WHAT IS BEING ASKED: Starting at the line that contains "Gilet long d’été", copy every line through the end of the records below exactly as written, leaving out pictures.

EXERCISE MATERIAL:
************

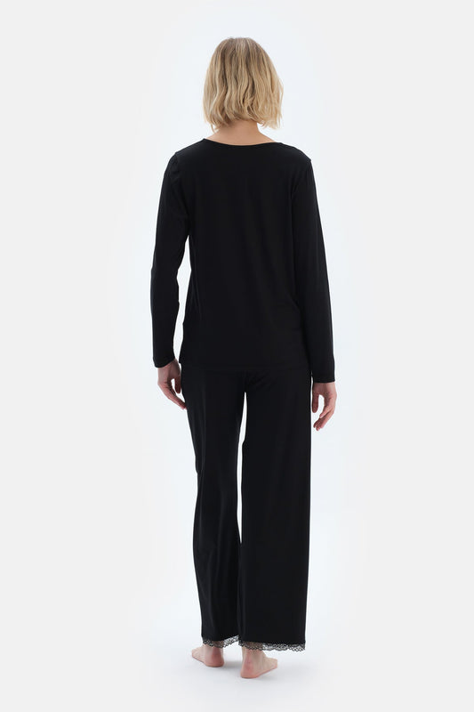 Siyah Dantel Detaylı V Yaka Uzun Kollu Tişört Pantolon Pijama Takımı
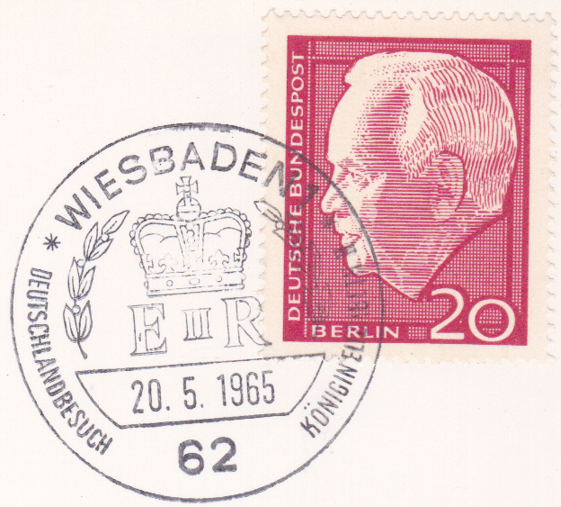 Sonderstempel aus Wiesbaden vom 20.5.1965 zum Besuch von Elisabeth II..
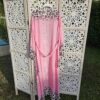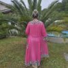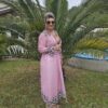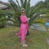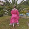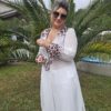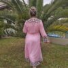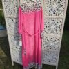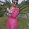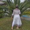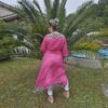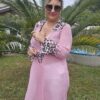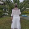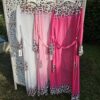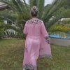 Gilet long d’été léopard, type kimono, léger et transparent, manches longues élastiquées, peut se nouer avec la ceinture, décoration léopard aux épaules, bout des manches, sur tout le bas du kimono, et au bout de la ceinture. Existe en blanc, en rose et fuchsia. TU.
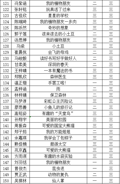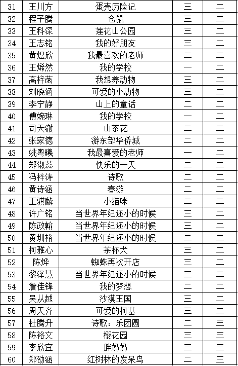 自2021年1月,活動征稿啟動以來,獲得了深圳市廣大中小學(xué)生、教師、文學(xué)愛好者的熱烈響應(yīng)積極參與,吸引了深圳百余所學(xué)校的上萬人關(guān)注報名?,F(xiàn)公布福田區(qū)華新小學(xué)晉級復(fù)賽名單如下:
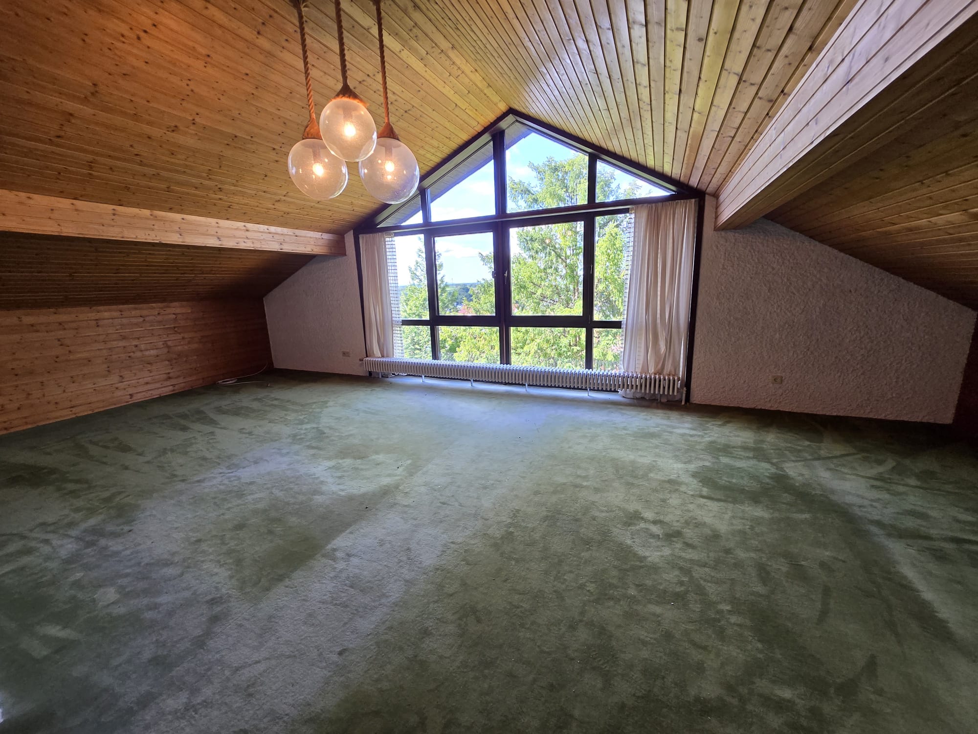 Desweiteren befinden sich im Dachgeschoss zwei großzügige Zimmer mit hoher Deckenhöhe, die ein besonders offenes Raumgefühl vermitteln. Abgerundet wird das Angebot durch eine großzügige Garage sowie ein Carport.

************

WRITTEN SOLUTION:
 Gilet long d’été léopard, type kimono, léger et transparent, manches longues élastiquées, peut se nouer avec la ceinture, décoration léopard aux épaules, bout des manches, sur tout le bas du kimono, et au bout de la ceinture. Existe en blanc, en rose et fuchsia. TU.
 自2021年1月,活動征稿啟動以來,獲得了深圳市廣大中小學(xué)生、教師、文學(xué)愛好者的熱烈響應(yīng)積極參與,吸引了深圳百余所學(xué)校的上萬人關(guān)注報名?,F(xiàn)公布福田區(qū)華新小學(xué)晉級復(fù)賽名單如下:
 Desweiteren befinden sich im Dachgeschoss zwei großzügige Zimmer mit hoher Deckenhöhe, die ein besonders offenes Raumgefühl vermitteln. Abgerundet wird das Angebot durch eine großzügige Garage sowie ein Carport.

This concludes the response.